If you make an electric vehicle you will most likely be marketing it to your typical suburban middle to upper class family. 2 parents, 1.5 kids and a dog. Chances are all the families they are marketing to would have 2-3 cars in the driveway anyways.
Electric vehicles arnt positioned to be a familys 1 sole vehicle. They are positioned to be 1 of the 2 or 3 vehicles that a family owns.
DrStink
Veteran Member
I just moved from CT to RI two weeks ago. Just now, I looked up the electricity generation breakdown according to the most recent DOE data:VEGASTDI said:
Connecticut is 50.7% nuclear, 25% NG, 13% Coal, 5% oil, 4.6% renewable and 1.4% hydro, while Rhode Island is 96.8% NG, 2.1% renewable, and 1% oil. In other words, a grid tied EV would be better in CT than RI with regard to power plant carbon dioxide emission, but your generalizations about coal emissions don't really apply in my case.
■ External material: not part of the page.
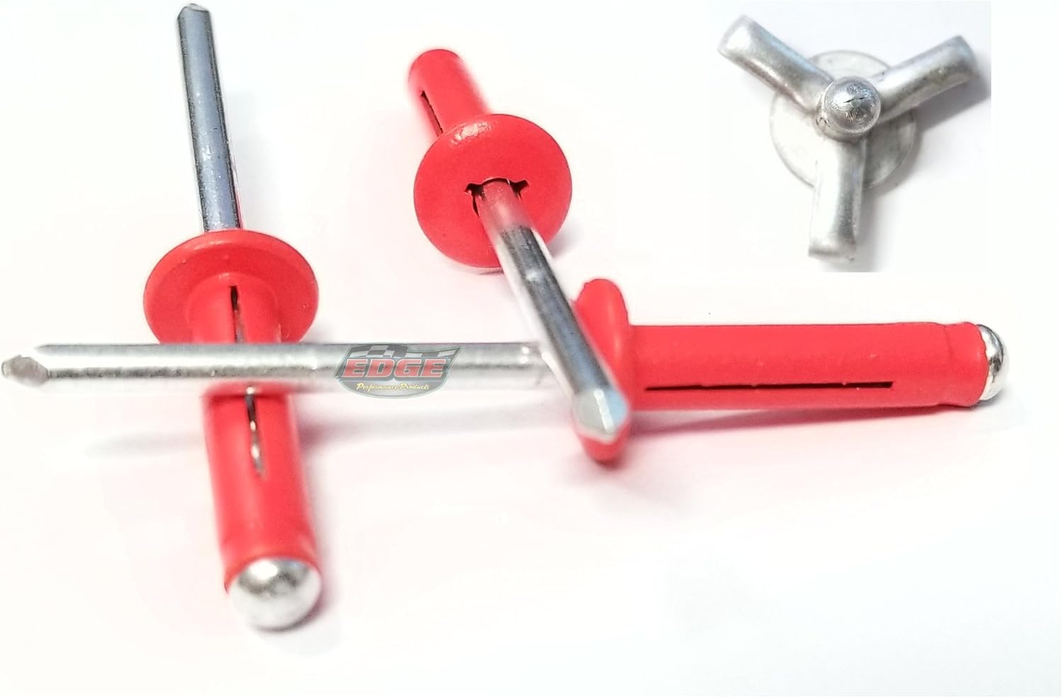 Perfect for inconsistent grip ranges or oversize out-of-round holes that are typical in plastics. Edge Performance Tri-fold rivet is designedto work like a moly-bolt in that it splits out into three legs at the backside. Its extended bearing surface spreads the load over a wider area to prevent pullout in plastics or other similar soft or thin sheet materials. This Tri-fold Rivet is a real time saver for many repair jobs and only requires one person. Unlike standard pop rivets, these 'blind' rivets do not require a backup washer. 1.) Works in over-sized, oblong and worn out holes up to 1/4″ 2.) Tight clamp-up and holding power, from .040″ to .354″ with stronger clamping power. 3.) NO back-up washer needed. The Tri-fold action will clamp without needing a back up washer. 4.) These rivets will work with any functioning blind rivet setting tool.

For you in Nevada, yes, an EV isn't a great idea as your electricity is 48.5% coal, 43.5% NG, 4.3% hydro and 3.4% renewable. It's even worse in Kentucky: 91% coal, 4% oil and 4% hydro.
But then on the other hand, you have Idaho with 77.9% Hydro, 15.7% NG, and 5.3% renewable. (For the record, I'm stunned ID has no commercial nuclear power given that it was home to the world's first power reactor and is the home of the NEEL and it's 52 reactors.)
But anyway, given the vast differences across states, sweeping generalizations about grid tied EVs and emissions are so misleading as to make them essentially worthless.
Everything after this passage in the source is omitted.